*EXERCISE GOAL*:
Quote word for word the lines below, beginning with the first and ending with the one that has "9月23日,中国港湾工程有限". Drop the pictures.

TASK MATERIAL START

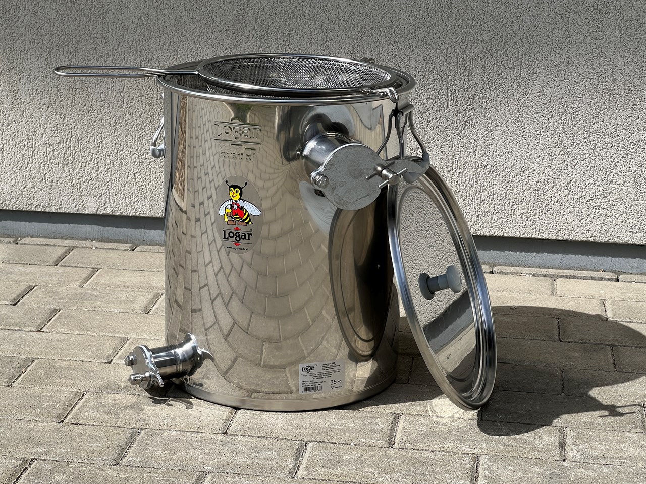 - Équipement : 2 robinets-pince soudés (robinet-pince supérieur XL pour débit de miel augmenté), tamis intérieur fin en tissu grillagé inox
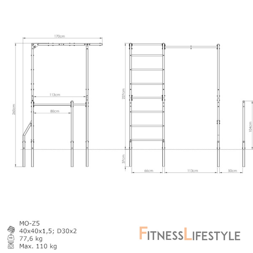 Až 226 cm vysoké, so 6-timi vodorovnými, 7-mi zvislými priečkami ak tomu s bradlami. Na vodorovných priečkach môžete robiť napríklad príťahy, na bradlách DIPy a posilňovať tak svaly hornej časti tela. Zvislé priečky sú skvelé okrem iného pre:
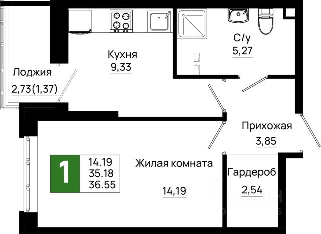 Продаётся 1-комнатная квартира в сданном доме (Уланская, 17с1 (Участок 13121, Литер 01)), срок сдачи: IV-кв. 2023, общей площадью 37.73 кв.м., на 19 этаже. ГOTOBЫЙ PЕМОНТ ПОД КЛЮЧ
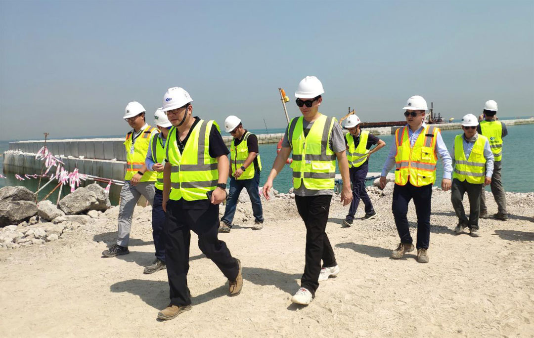 9月23日,中国港湾工程有限责任公司总经理助理、中东区域管理中心总经理夏新瑞、中国港湾科威特办事处总经理黄祖华莅临招商建设国际有限公司科威特国家卫队游艇码头项目部视察指导工作。
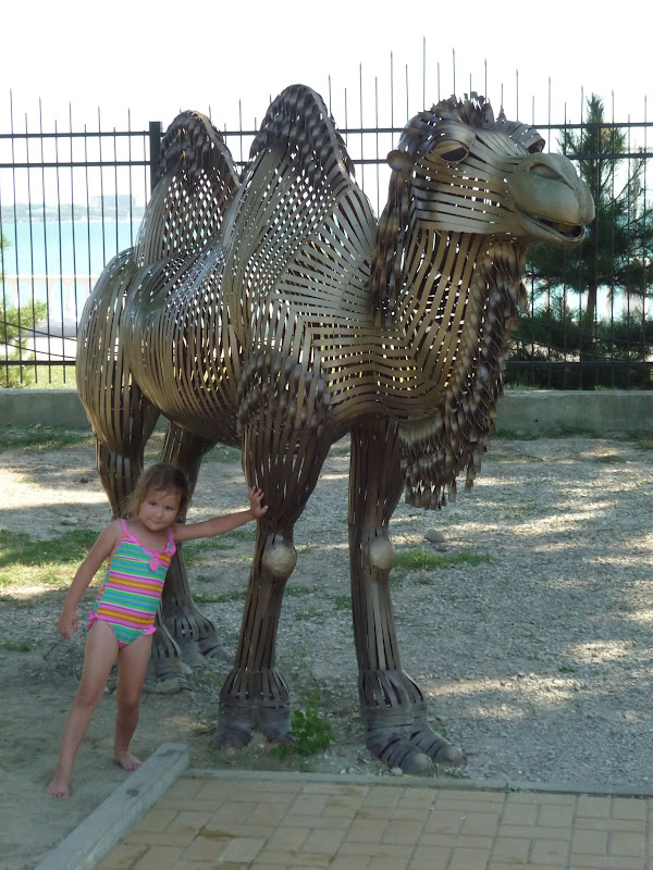 Это она меня упрашивает ее на верблюда посадить. Верблюд-металлист (из металла он).

TASK MATERIAL END

*RESPONSE TO THIS EXERCISE*:
 - Équipement : 2 robinets-pince soudés (robinet-pince supérieur XL pour débit de miel augmenté), tamis intérieur fin en tissu grillagé inox
 Až 226 cm vysoké, so 6-timi vodorovnými, 7-mi zvislými priečkami ak tomu s bradlami. Na vodorovných priečkach môžete robiť napríklad príťahy, na bradlách DIPy a posilňovať tak svaly hornej časti tela. Zvislé priečky sú skvelé okrem iného pre:
 Продаётся 1-комнатная квартира в сданном доме (Уланская, 17с1 (Участок 13121, Литер 01)), срок сдачи: IV-кв. 2023, общей площадью 37.73 кв.м., на 19 этаже. ГOTOBЫЙ PЕМОНТ ПОД КЛЮЧ
 9月23日,中国港湾工程有限责任公司总经理助理、中东区域管理中心总经理夏新瑞、中国港湾科威特办事处总经理黄祖华莅临招商建设国际有限公司科威特国家卫队游艇码头项目部视察指导工作。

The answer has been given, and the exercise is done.